The Bolivian Elections

It has been a year of elections for the Americas and a significant one has been that of Bolivia. As Evo Morales, the Bolivian President fled the country after protests against him, most thought that the country was going to go back to its traditional structures of consolidation of power and capital among certain classes. As Jenine Anez walked up the stairs of the parliament with a bible in her hand it was accepted by most around the world that Bolivia was going to take the Brazilian route. However, the Bolivians decided to put their faith in Luis Arce, another indigenous man from the same left of centre party as that of Evo Morales. The Bolivian refusal to go back to a largely disenfranchised society and their steadfast belief in progressive change has made Bolivia a reference point for the rest of Latin America in the context of not just citizen’s protests but also left of centre political movements. Both Venezuelan and Bolivian voters have displayed a keen sense of consciousness when it comes to politics and this is suggestive of their proclivity towards endemic change.

Chilean Referendum

Chile after long and violent protests and an even more brutal response from the law enforcement saw its culmination in a referendum for a new constitution. The demands for changing of the Pinochet – era constitution of Chile has been made for decades and they gathered momentum in 2019 and finally came to a conclusion in 2020. Chile has been an exception in Latin America when it comes to their politico-economic model; it has firmly operated within the framework of neo-liberal principles which has led to the country’s economy being one of the most stable in the region. However, it has also translated to deep chasms of income inequality which has left people significantly dissatisfied. The new constitution though has its critics; aims to provide greater opportunities for growth. It has provisions of privileges for the marginalized and oppressed sections of society. The Chilean move towards a more inclusive society is a manifestation of a deeper rejection of conventional socio-political and economic practices that usually base themselves of class-based consolidation of capital and power all across Latin America. It is also indicative of a growing belief in and demand for social change by the society in general.
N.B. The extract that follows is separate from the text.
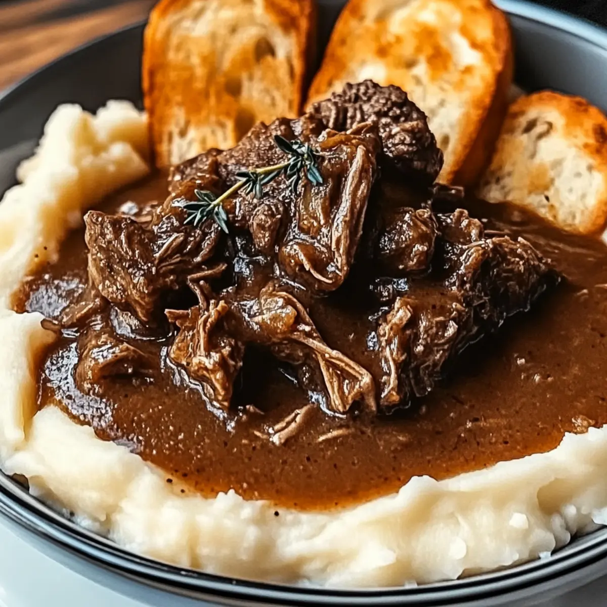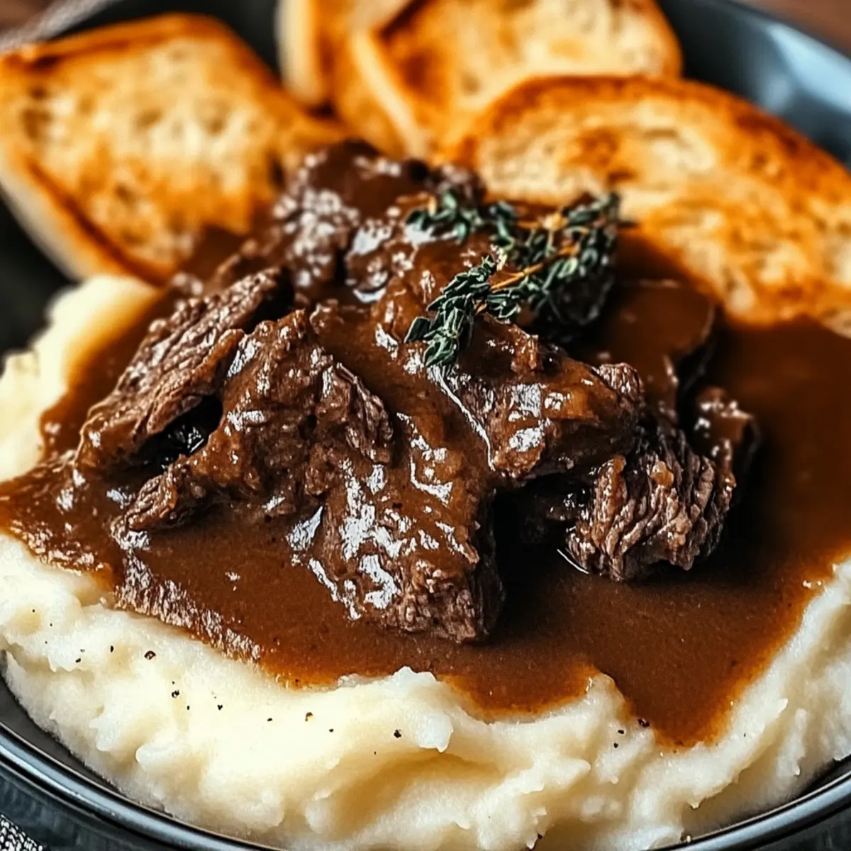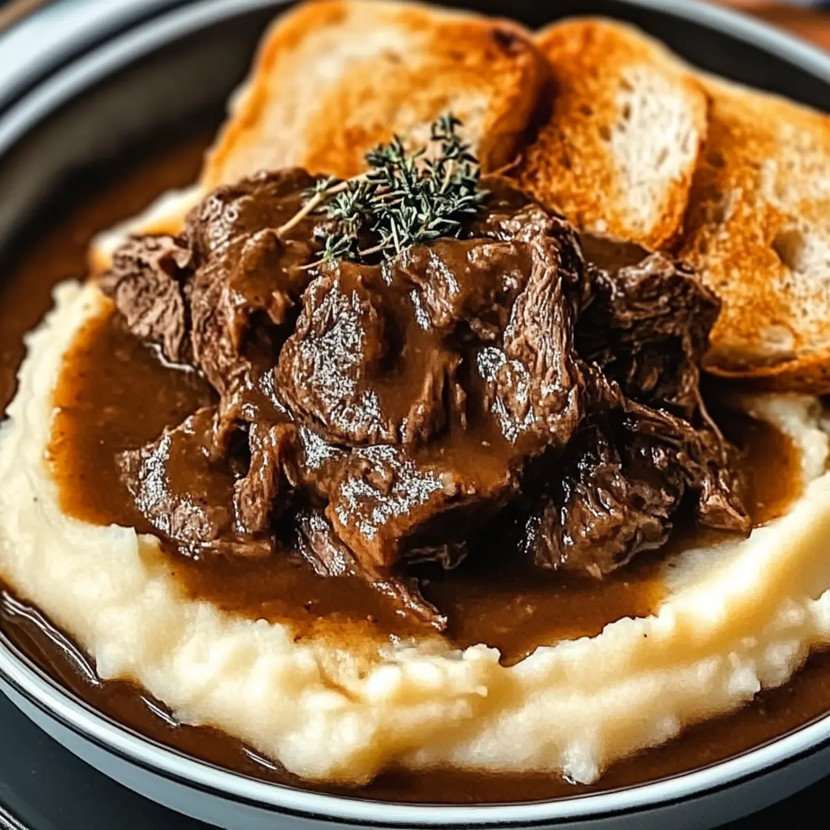 Jump to Recipe Print RecipeThere’s something magical about a slow cooker, isn’t there? With just a few humble ingredients, it transforms into your kitchen’s best friend, serving up the heartwarming Slow Cooker Beef Manhattan. Imagine tender beef bathed in a savory brown gravy, nestled on fluffy mashed potatoes and toasted bread—food that wraps you in a cozy hug. What I love most about this dish is its ease; it requires minimal prep time, allowing you to shift your focus to a good book or a movie while it simmers away. Plus, it’s a customizable delight, as you can easily swap out the beef for turkey or add in seasonal veggies for extra nutrition. Whether you’re looking to soothe a chilly night or simply want a comforting meal at the end of a busy day, this recipe has got your back. Are you ready to discover how to create this delicious classic? Why is Slow Cooker Beef Manhattan a Must-Try? Simplicity: Just toss everything into the slow cooker—no fussing over complicated steps. Heartwarming Flavor: The meltingly tender beef in rich gravy creates a dish that truly warms the soul. Customizable: Swap beef for turkey or add vibrant veggies like carrots for a twist! Crowd-Pleaser: Perfect for family gatherings, this recipe will impress both picky eaters and foodies alike. Perfect For Chilly Evenings: It’s the ideal comfort food to curl up with on a cold day. Don’t forget to serve it alongside creamy mashed potatoes or a fresh garden salad—it’s a meal everyone will savor! Slow Cooker Beef Manhattan Ingredients For the Beef Beef Roast – Choose chuck or round for optimal tenderness, as this ensures juicy, fork-tender meat. For the Sauce Beef Broth – This savory base brings richness; opt for low-sodium for a healthier alternative. Worcestershire Sauce – Adds depth of flavor; soy sauce can be a quick substitute. Soy Sauce – Enhances saltiness; use a gluten-free version if necessary. For the Seasoning Garlic Powder – Infuses a warm, aromatic flavor; feel free to use fresh garlic for more punch. Onion Powder – Complements the fresh onion used and deepens the flavor experience. Dried Thyme – Brings an herbaceous touch; Italian seasoning works well as a substitute. Black Pepper – Essential for enhancing overall flavor; adjust to your taste. Salt – Balances all the flavors; use lower sodium options if desired. For Thickening Cornstarch – This key ingredient thickens the gravy; mix with cold water to create a smooth slurry. Cold Water – Necessary for making that perfect cornstarch slurry. For Serving Bread – The foundation of your dish; white or Texas toast is perfect for soaking up the gravy. Mashed Potatoes – Complements the dish beautifully; whether homemade or store-bought, it adds creaminess. Optional Add-ins Vegetables – Add seasonal favorites like carrots or peas for nutrition and color. Sweet Potatoes – A sweet twist in lieu of traditional mashed potatoes can elevate the dish. With these ingredients, you’ll have everything you need to make a delightful Slow Cooker Beef Manhattan that promises a hearty, fulfilling meal. Happy cooking! Step‑by‑Step Instructions for Slow Cooker Beef Manhattan Step 1: Prepare the Base Start by slicing a large onion and placing it evenly across the bottom of your slow cooker. This layer will infuse the beef with sweetness and depth as it cooks. Make sure the onions are distributed well, as they will caramelize beautifully during the cooking process, forming a flavorful base for your Slow Cooker Beef Manhattan. Step 2: Add the Beef Roast Next, lay your beef roast, preferably chuck or round, atop the onion layer. Ensure it fits snugly but doesn’t overcrowd the cooker. This will allow the beef to become wonderfully tender as it cooks. Make sure the meat is set down gently to keep the onion layer intact underneath. Step 3: Pour in the Liquids Pour beef broth, Worcestershire sauce, and soy sauce directly over the beef. Aim for enough liquid to partially submerge the roast without making the entire mixture soupy. This savory liquid is key to developing a rich sauce that will soak into the beef, creating that beloved comfort-food flavor associated with Slow Cooker Beef Manhattan. Step 4: Season the Meat Sprinkle garlic powder, onion powder, dried thyme, black pepper, and salt over the beef roast. Use your hands to gently rub the seasonings into the meat for even coverage. This step is essential for flavor development; the spices will penetrate the beef as it cooks, ensuring every bite is deliciously seasoned. Step 5: Cook Low and Slow Cover the slow cooker with its lid and set it to LOW for 8 hours, or HIGH for 4-5 hours. This gentle simmer allows the collagen in the beef to break down, making it fork-tender. You’ll know it’s ready when you can easily shred the meat with two forks, revealing the juicy texture we all desire in a Slow Cooker Beef Manhattan. Step 6: Shred the Beef Carefully remove the cooked beef from the slow cooker and let it rest for a few minutes. Once cooled slightly, use two forks to shred the beef into bite-sized pieces. This step not only adds to the dish’s texture but also helps it absorb more of the flavorful gravy later on when reassembled. Step 7: Create the Gravy Strain the onion and liquid mixture from the slow cooker into a saucepan to separate the solids from the flavorful broth. In a small bowl, whisk cornstarch with cold water to form a slurry, then stir it into the strained mixture on medium heat. Cook for about 15 minutes or until thickened, creating a rich gravy that beautifully complements your Slow Cooker Beef Manhattan. Step 8: Assemble and Serve To serve, layer toasted bread on a plate, then add a generous scoop of creamy mashed potatoes on top. Next, pile the shredded beef over the potatoes, ensuring each bite will be packed with flavor. Finally, drizzle the thick gravy over the entire dish for a comforting and delicious finish that celebrates the essence of comfort food 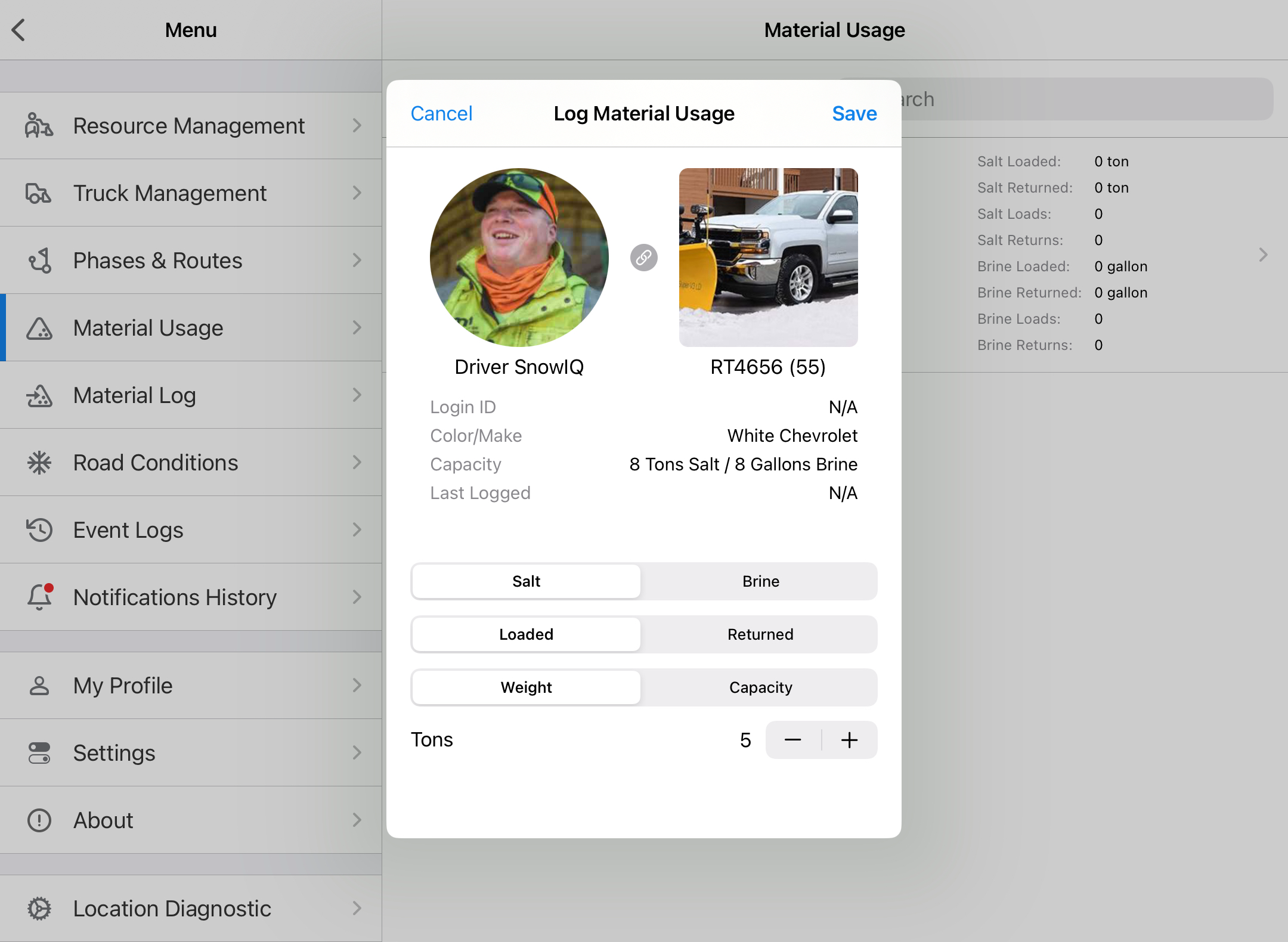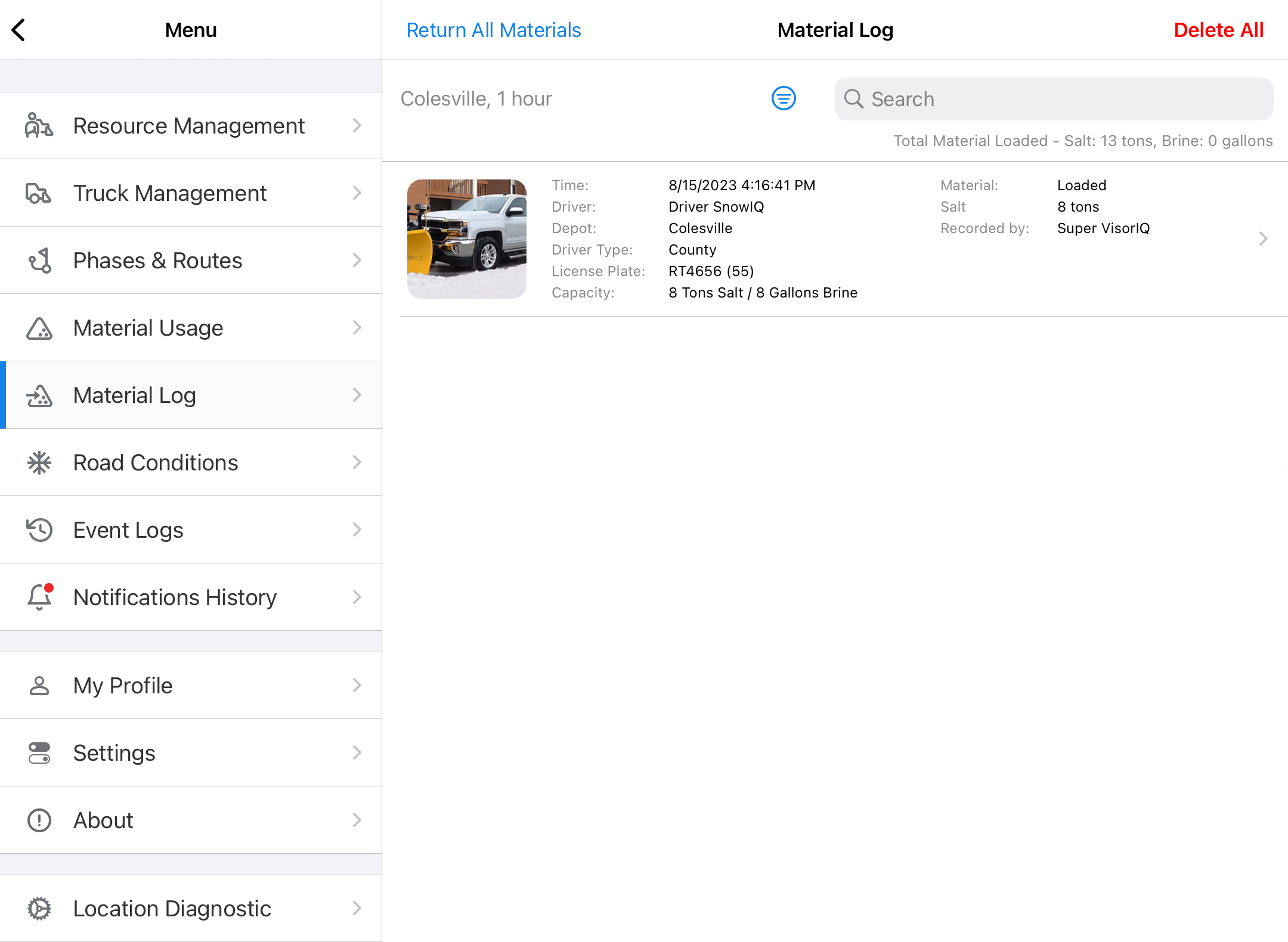 The Material Usage screen is accessible on the main menu of the Supervisor App.

The legalisation of Abortion in Argentina

Social change has been nowhere more visible in Latin America than in Argentina when in the last month of 2020, Argentina finally concluded the process of legalization of abortions that had originally begun in the month of March this year. While demands for repealing of the law that prohibits abortions have been made for decades, the protests against crimes against women, the culture of machismo and the frustration and exhaustion from a gender – unequal society culminated in massive women’s movements across the continent and the Fernandez regime succeeded in legalizing abortions in Argentina. In a continent that is largely Catholic and deeply religious and in a country that is home of the Catholic pope, the significance of this step can not be overstated. As momentous as it is in its individual form, this law holds even more power as a continuation of the trend of social change that has made itself apparent across the Americas.

2020 has been a difficult year and as the pandemic continues and evolves, it would certainly lead to further unveiling of social, economic, and political vulnerabilities of the Americas, however, one can find a whisker of reassurance in the growing trend of greater political consciousness and acceptance of the social change.

(The author is an Asst. Professor at the Dept. of Public Policy, Amity University and a PhD from Centre for Canada, US, and Latin American Studies, Jawaharlal Nehru University. Views are personal.)